2010 Brazilian reality television series

Busão do Brasil was a Brazilian reality television show, which premiered July 30, 2010 with the season finale airing October 19, 2010 on the Band television network.

The show was presented by former MTV Brasil VJ Edgard Piccoli, with the direction of Michael Ukstin.
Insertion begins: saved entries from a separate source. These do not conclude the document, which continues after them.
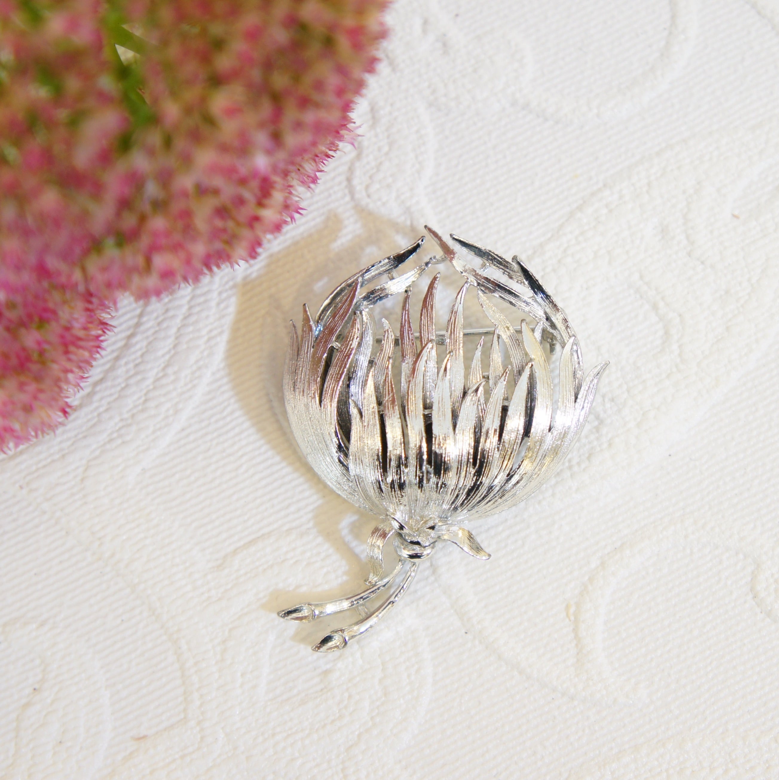 明るめのシルバートーンの花の蕾のようなデザインの50年代くらいのヴィンテージブローチです。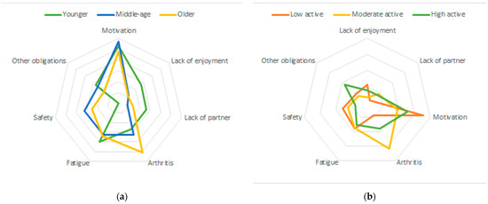 (a) Polar plot of thematic analysis of barriers by age category (younger n = 16; middle aged n = 52; older n = 73). (b) Polar plot of thematic analysis of barriers by physical activity category (low active n = 45, moderate active =57; high active =39).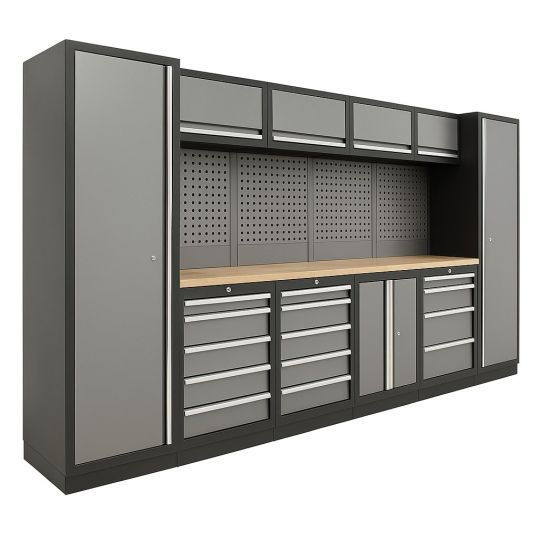 Transformeer uw garage tot een efficiënte en professionele werkruimte met deze complete werkplaatsinrichting. De set bestaat uit diverse opbergkasten, laden en een stevig werkblad, ideaal voor zowel de doe-het-zelver als de vakman.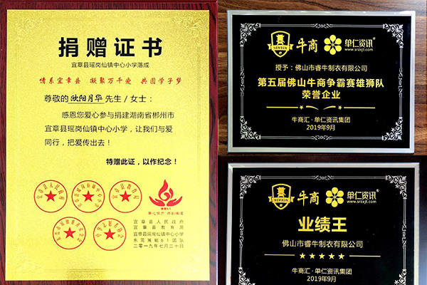 大家看一下下面的獎項就知道睿牛制衣還是個不錯的良心企業也是一家有實力的沖鋒衣生產廠家,我們的總經理同時也是非常有愛心的,她經常做善事來匯報社會,因為她 出生在70年代從小的生活也是很艱苦的,他非常能夠理解學生渴望讀書的那種心情,所以我們老板歐陽月華女士特地愛心參與捐贈宜章縣瑤崗仙鎮中心小學落成,凝聚萬千愛,共圓心學子夢!還有我們總經理系上絲帶的照片,讓大家共同把愛傳遞出去!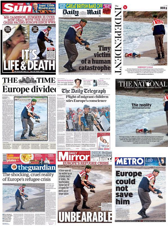 9月2日,3歲男童遺體被沖上土耳其海岸的照片讓整個歐洲心碎。照片中的男孩身穿紅色T恤和短褲,面部朝下趴在沙灘上。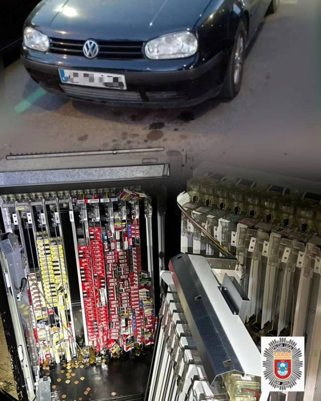 While the Guardia Civil secured the area and kept an eye on the stolen items, local police began searching the surroundings for the suspects, although they were not able to find anyone. Both the car and the cigarette machine were handed over to the Guardia Civil for further investigation.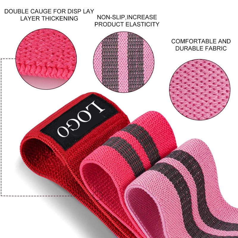 Set of 3 Spandex Hip Resistance Loop Bands with Customized Logo Polyester Fabric Booty Bands for Exercise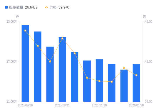 1月26日消息,数据显示,截至2026年1月9日,A股股东总户数为25.82万户,较上期(2025年12月10日)减少8465户,降幅3.17%。公司最新A股总股本为18.14亿股,其中流通A股17.36亿股,户均持有流通A股数量为6724.81股,较上期增加214.91股,增幅3.30%;户均持流通A股市值27.59万元,较上期增加2.2万元,增幅8.68%。

There were twelve contestants competing for the grand prize, which was R$1,000,000 without tax allowances.

Twenty-nine-year-old police officer Mario Remo won the competition over student Thalita Wagner and fashion designer Camilla Fit at the live finale.

==Production==

===Cast===
Casting and production started in March 2010. Applications were due by May 3, 2010, until June 3, 2010. Ultimately, twelve contestants were chosen by the producers to participate the show between July and October 2010.

===The bus===
During three months, the bus traveled for 11 different Brazilian states, covering about 4,000 miles and stopping in 14 cities.

==Format==
Busão do Brasil is a reality television show created by Endemol, in which a group of people live together in a large and luxury bus, isolated from the outside world but continuously watched by television cameras.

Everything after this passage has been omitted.